Scottish Golf Bucket List: South West Scotland

Trump Turnberry (Ailsa)

One of the finest links in the world, the Ailsa Course at Trump Turnberry is a spectacular and challenging place to play. It sits on the Ayrshire coast, just north of Girvan, overlooking Ailsa Craig and the Isle of Arran. Acclaimed golf course architect Martin Ebert has carried out a number of course upgrades in recent years, including an extensive reworking of the ninth, tenth and eleventh holes, with jaw-dropping results. The best players in the world all rave about the Ailsa. Go and find out why.


The host venue for the inaugural Open Championship in 1860 - and 24 editions of the event in all – Prestwick is a ‘must’ for any golfer. A traditional links in every sense, it is fun from start to finish. The opening hole is one of the most nerve-wracking in the game, whilst the 17th (originally the second) is the oldest existing hole in championship golf. You’ll love it.

Royal Troon

Yet another Open Championship host venue, Royal Troon has staged the battle for the Claret Jug on nine occasions and will next do so in 2024. If you want to play authentic links golf, the way the game was intended to be played, this is the course for you. The short par-3 – the ‘Postage Stamp’ – enjoys most of the headlines but, in truth, there isn’t a single hole that disappoints. It’s a complete and thorough test, particularly when the wind whips up and cuts across the course.

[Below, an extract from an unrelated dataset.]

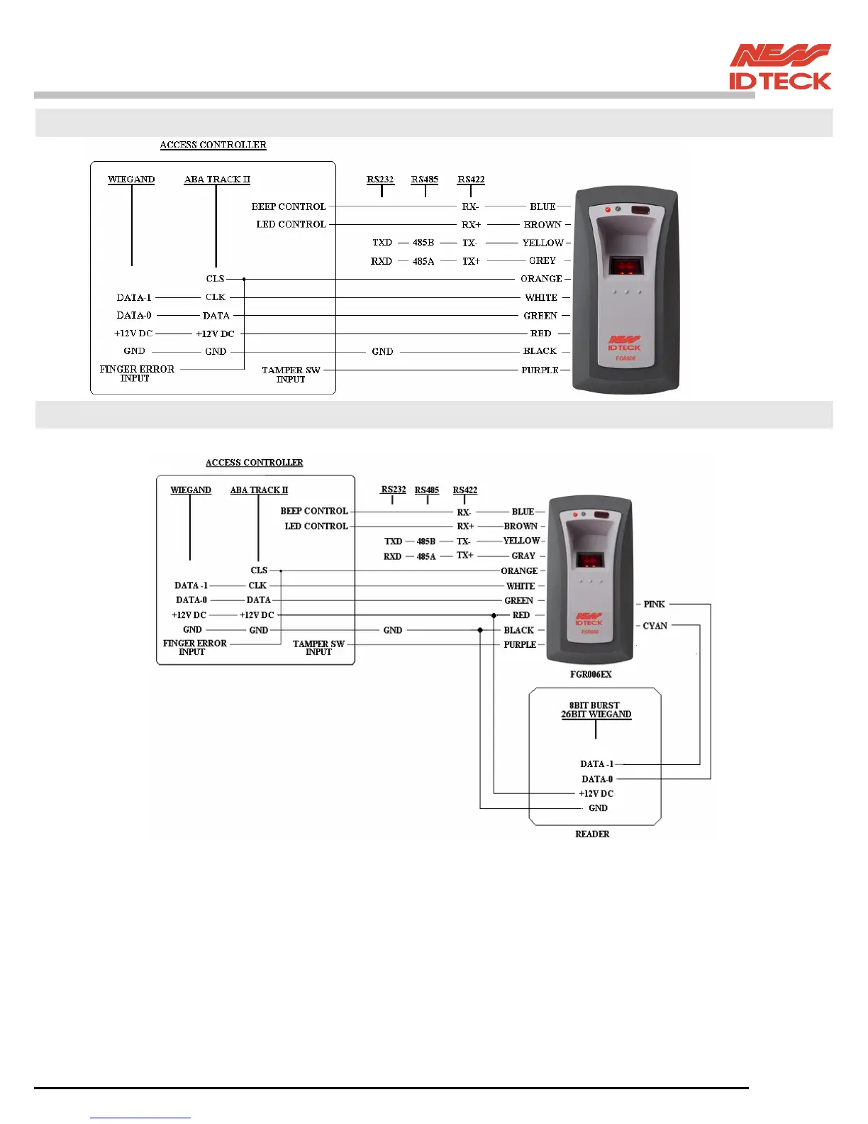 IDTECK FGR006 - Wire Connection of FGR006; Wire Connection of FGR006 EX

Situated by the village of Southend on the south coast of the Kintyre Peninsula, Dunaverty is one of Scotland’s most criminally underrated courses. Spectacular views of Sanda Island to the south, Ailsa Craig and Ayrshire to the east and Northern Ireland to the south west complement a links that is absolutely brimming with charm and personality. If it doesn’t immediately jump into your top-10 favourite courses, we’ll be stunned.

The Machrie

Revitalised following a recent redesign, The Machrie is one of Scotland’s best-kept secrets – although maybe not for much longer! You’ll find it on the Isle of Islay, easily accessible by either sea or air just off the west coast of Scotland. The course is, in fact, just a five-minute drive from the airport and is a bona fide links in every conceivable sense. The on-site hotel has also been renovated and makes a tremendous base to explore a truly charming island. Whisky-lovers will particularly enjoy it, with nine working distilleries currently there and another two in development. Golf and whisky – what could be better?